*** Opening of Record excerpts ***

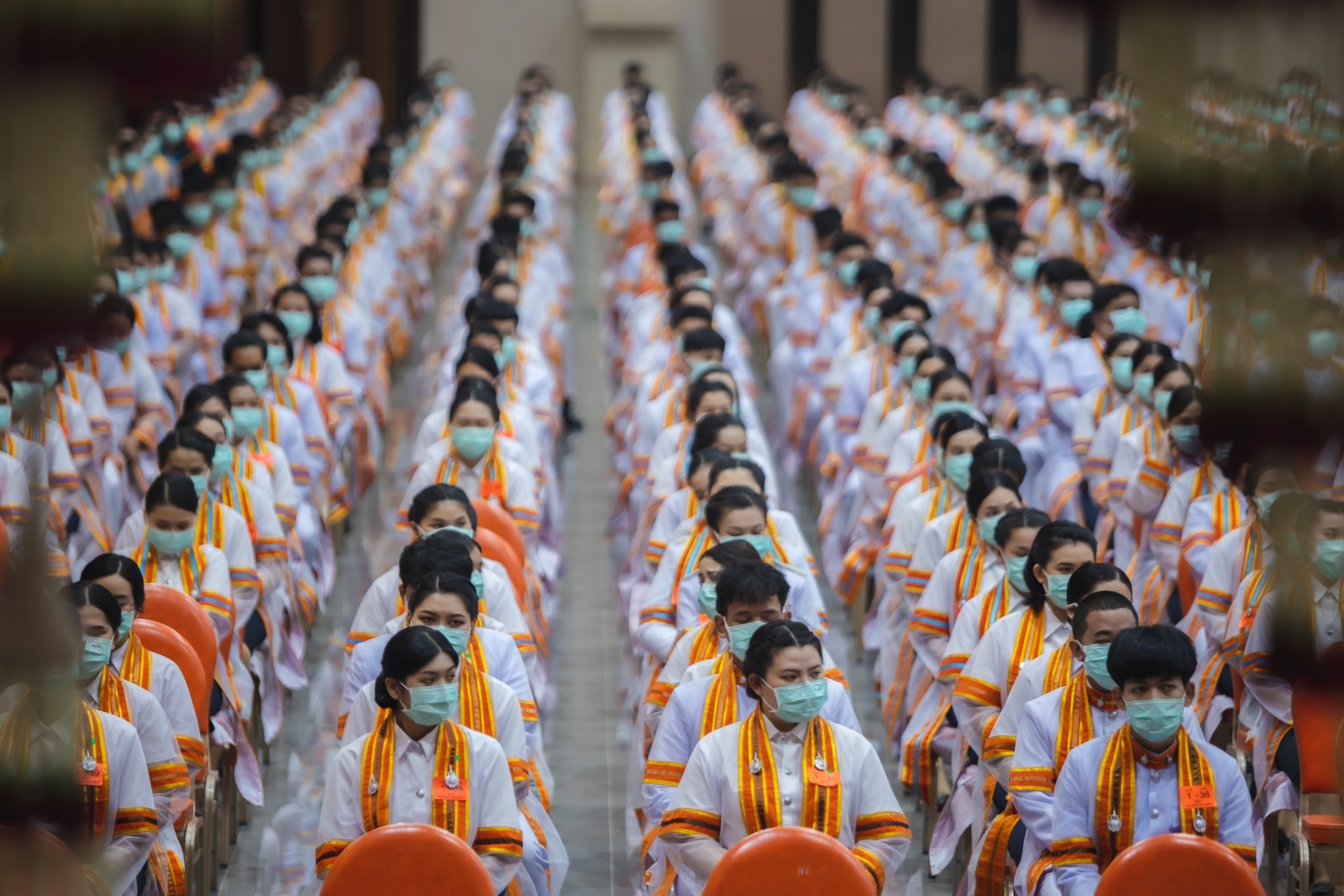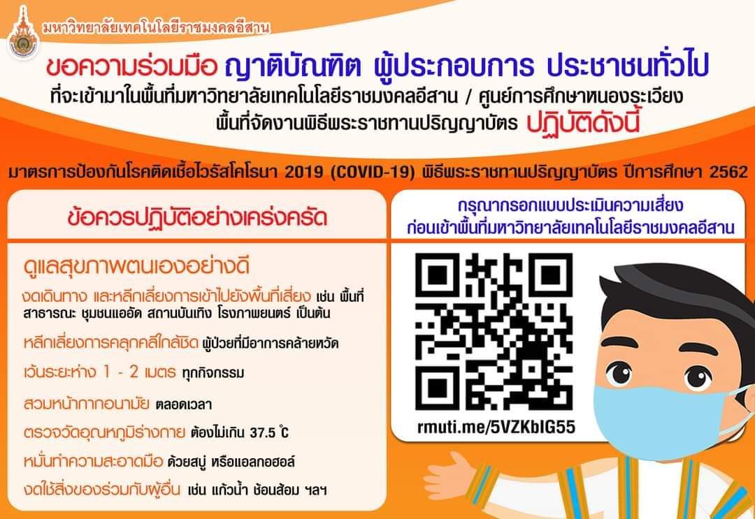 วันที่ 2 มีนาคม 2565 ณ มหาวิทยาลัยเทคโนโลยีราชมงคลอีสาน ศูนย์การศึกษาหนองระเวียง ต.หนองระเวียง อ.เมือง จ.นครราชสีมา รองศาสตราจารย์ ดร.โฆษิต ศรีภูธร อธิการบดี พร้อมด้วยผู้บริหาร คณาจารย์ บัณฑิต มหาบัณฑิตจากทุกวิทยาเขต เข้าร่วมการฝึกซ้อมใหญ่ พิธีพระราชทานปริญญาบัตร มหาวิทยาลัยเทคโนโลยีราชมงคลอีสาน ประจำปีการศึกษา 2562 ภายใต้มาตรการป้องกันการแพร่ระบาดโควิด-19 ซึ่งสำหรับการฝึกซ้อมในวันนี้ มีบัณฑิต มหาบัณฑิตเข้าร่วมพิธีพระราชทานปริญญาบัตร จำนวน 3,890 ราย ช่วงเช้าเป็นบัณฑิตจาก มทร.อึสาน ศูนย์กลางนครราชสีมา มทร.อีสาน วิทยาเขตสุรินทร์ และ มทร.อีสาน วิทยาเขตสกลนคร และในช่วงบ่ายเป็นบัณฑิตจาก มทร.อีสาน ศูนย์กลางนครราชสีมา และ มทร.อีสาน วิทยาเขตขอนแก่น ทั้งนี้บรรยากาศการฝึกซ้อมผ่านไปได้ด้วยดี ซึ่งคาดว่าในวันรับจริง วันที่ 4 มีนาคมนี้ จะสามารถดำเนินการไปได้อย่างราบรื่น และคาดว่าจะมีผู้เดินทางมาร่วมแสดงความยินดีกับผู้สำเร็จการศึกษาจาก มทร.อีสาน เป็นจำนวนมาก ทางมหาวิทยาลัยจึงขอความร่วมมือผู้ที่จะเข้าร่วมงานตรวจคัดกรองตนเองด้วย ATK และแจ้งผลผ่านทาง rmuti.me/5VZKblG55
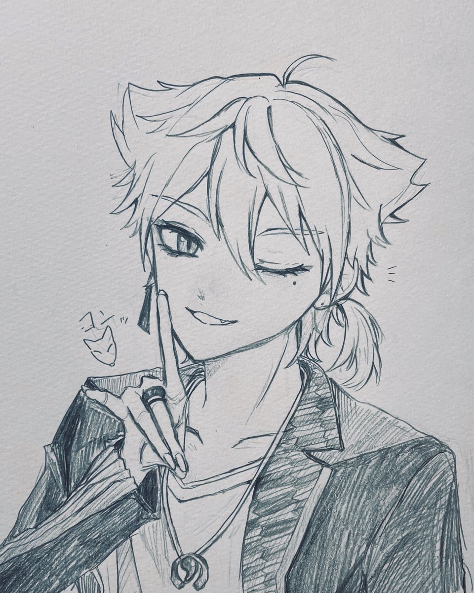#絵ガク 4日目なので手で狐を作っている伏見🦊!
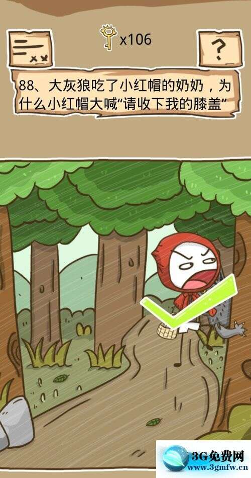 第88关将小红帽拖动到大灰狼身上就过关了。
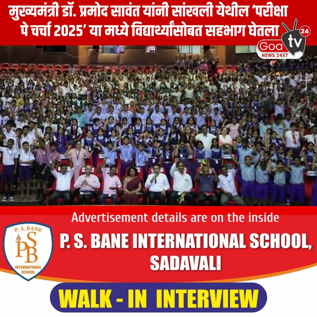 मुख्यमंत्री डॉ. प्रमोद सावंत यांनी सांखली येथील ‘परीक्षा पे चर्चा 2025’ या मध्ये विद्यार्थ्यांसोबत सहभाग घेतला
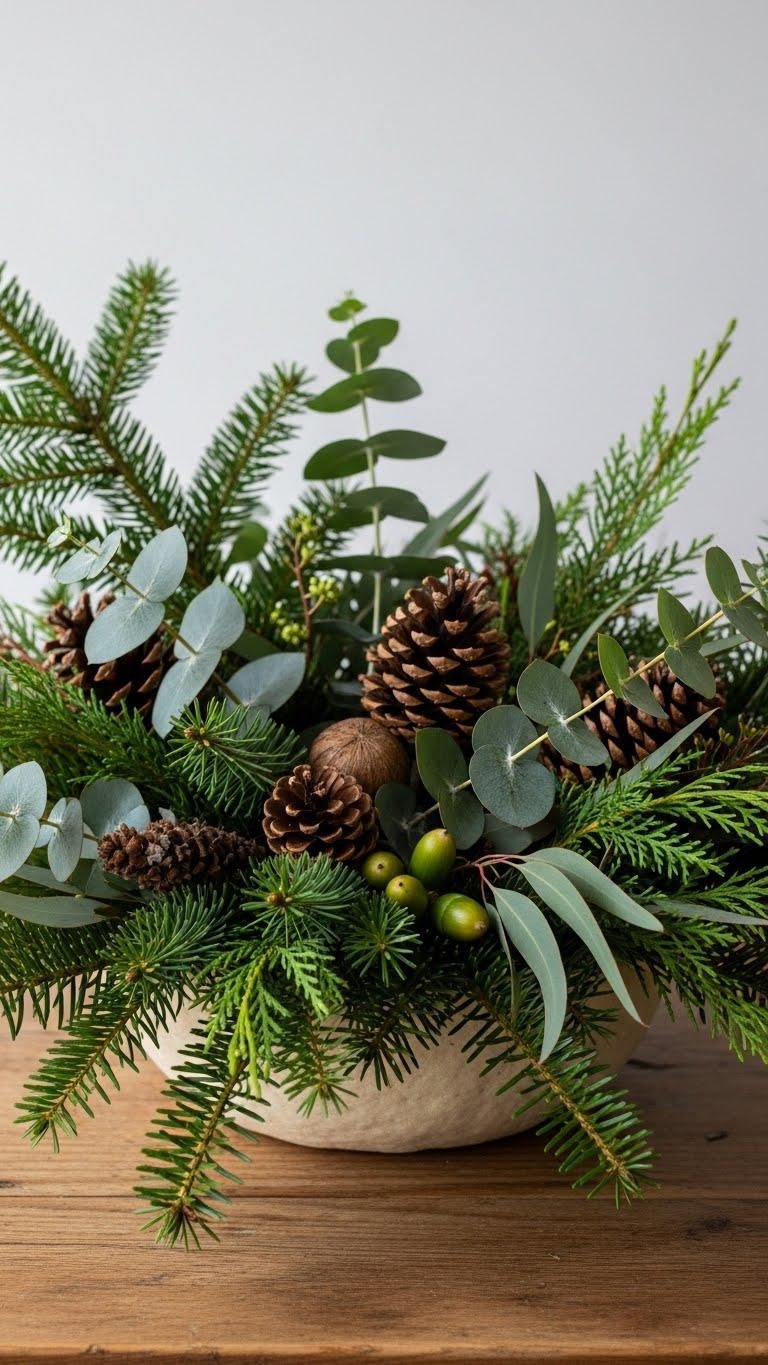 Tuck a mix of evergreens, seeded eucalyptus, and fir sprigs into a shallow dough bowl to create a low, layered arrangement that feels collected rather than contrived.
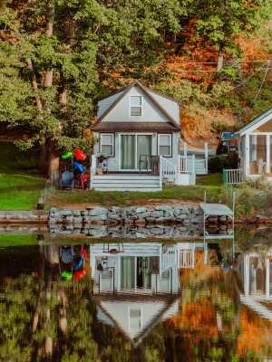 Lakefront; view of ski mountain, firepit, dock, kayaks, laundry, outdoor shower(Lakefront; view of ski mountain, firepit, dock, kayaks, laundry, outdoor shower)
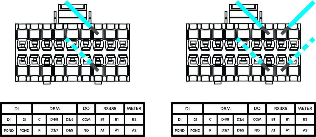 7- Para Inversores SG15CX-P2-LV / SG20CX-P2-LV / SG25CX-P2-LV, a crimpagem do conector de comunicação será conforme a imagem a seguir:
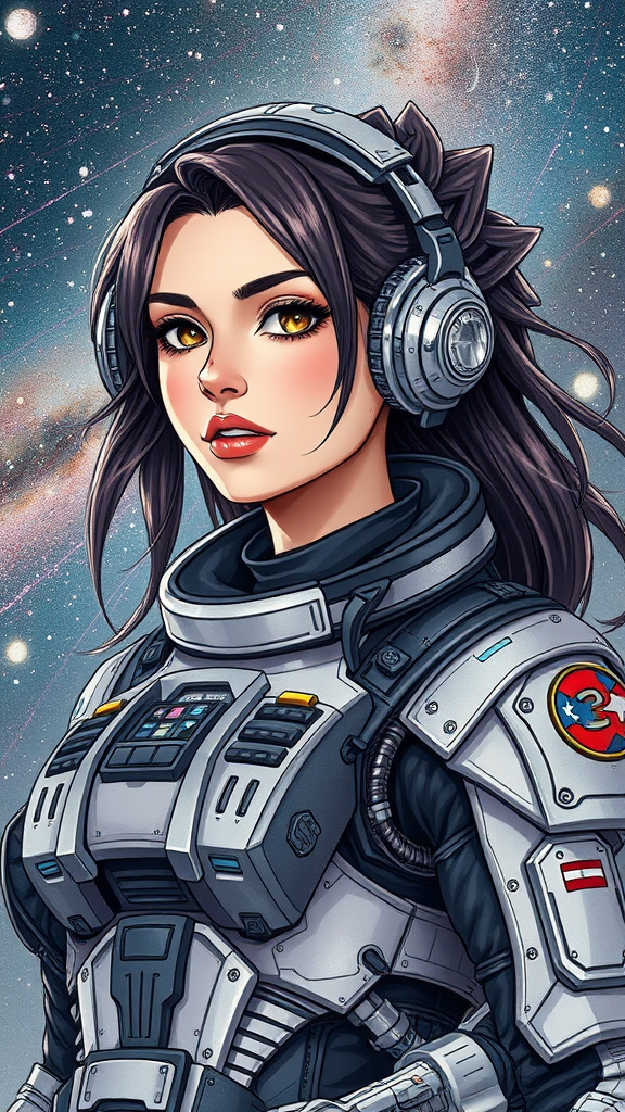 A woman in a space suit character portrait with retro-futuristic armor, detailed official artwork with her hair entwined with the glitter of the Milky Way, fantastic hyperrealism with dynamic lighting capturing the essence of space art, blending elements of 3D, cartoon, and anime styles, featuring a captivating scene with a mix of sketch-like textures.

*** Close of Record excerpts ***

== Aim of the exercise ==
Start at the line containing "#絵ガク 4日目なので手で狐を作っている伏見🦊!" above and stop at the line containing "7- Para Inversores". Output those lines exactly, both included, but none of the pictures.

== Result of the task ==
#絵ガク 4日目なので手で狐を作っている伏見🦊!
 第88关将小红帽拖动到大灰狼身上就过关了。
 मुख्यमंत्री डॉ. प्रमोद सावंत यांनी सांखली येथील ‘परीक्षा पे चर्चा 2025’ या मध्ये विद्यार्थ्यांसोबत सहभाग घेतला
 Tuck a mix of evergreens, seeded eucalyptus, and fir sprigs into a shallow dough bowl to create a low, layered arrangement that feels collected rather than contrived.
 Lakefront; view of ski mountain, firepit, dock, kayaks, laundry, outdoor shower(Lakefront; view of ski mountain, firepit, dock, kayaks, laundry, outdoor shower)
 7- Para Inversores SG15CX-P2-LV / SG20CX-P2-LV / SG25CX-P2-LV, a crimpagem do conector de comunicação será conforme a imagem a seguir:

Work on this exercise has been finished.